The Spark

09 Sep 2024

Kids Puzzle Image

You can’t connect the dots looking forward; you can only connect them looking backwards - Steve Jobs

We all questioned why things happened to us. Whether it was good or bad. Whether you didn’t get the opportunity you wanted. You may not be doing something inline with what you initially set yourself for. When we were younger, we named dream careers that may have sounded typical, far reach, or to some achievable. Everyone says you usually don’t get the job that you wanted as a kid. Very few do achieve those dreams. Some are working jobs they didn’t wish for as a kid.

Problem Solving kid

Growing up, I always wanted to be some type of engineer dealing with machines or construction. I was always building and creating things. With the spark of legos, I always thought I’d be designing houses or cars. I’d take apart toys and rebuild them. One show in particular that sparked my interest in engineering was curious george. The silly projects he would do, I would also try to replicate. I joined the robotics team in middle school and high school because I loved the hands on building experience to solve a given task with robots. These experiences made me think that “Engineering” was for me.

Connecting the dots

Looking back, I wasn’t actually meant to be an engineer working with mechanics or construction. There were some engineering aspects and challenges I dealt with in school that made me realize that I wasn’t cut out for it. It wasn’t a weak mentality but rather a feeling of truly knowing my passion. I looked back and realized that I was more passionate about computers. When I was 5 years old, I would sneak out to play on my mom’s 2007 DELL laptop. There were always issues with it because of how low end and slow it was. Whenever issues arised, I was always trying to find solutions to those errors. Fast forward to middle school, I would play games like roblox and try learning how to make my own game.

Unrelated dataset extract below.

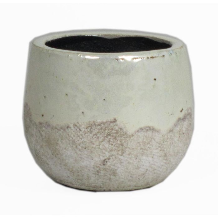 Macetero ADELFIA de cerámica en color gris crema con un diámetro de aprox. 11,5 cm y una altura de aprox. 10,5 cm.

I even injected dll’s to hack certain games. One of the first programming languages I tried out was Lua C when I tried to make a moving car in roblox and it sparked my interests in coding. Throughout high-school I was in the engineering academy but I was never decent with hands on projects. The projects I was only having fun with were coding projects. When I started as a software developer intern at SERVCO, I started having seconds thoughts about the career. There were skills I didn’t attain. There were skills that made me feel angry towards myself since I didn’t have it or didn’t learn. With the first given tasks of the internship, I thought that I felt like an imposter and that I was close to quitting. What kept me going is knowing that I just had to trust the process. I had to trust the process and worry about the outcome later. It didn’t matter if it was computer science was for me or not at the time, what mattered most was going through the challenges to gain experience that would shape my future. I was too focused on the later rather than the present. Eventually it all worked out.

Why Software Engineering?

I figured out my strengths in high school. It wasn’t the physics bridge challenges or egg drop challenges that sparked my interest, but the coding projects like the chatbot I made and the javascript and python problems. Looking back, I was always inclined to working with technology more than building with my hands. Looking back after finishing the internship, I can now see why I was given such challenges to see if I’m meant for computer science. Just like what Steve Jobs said, I was only able to connect the dots and realize until after I am where I am today.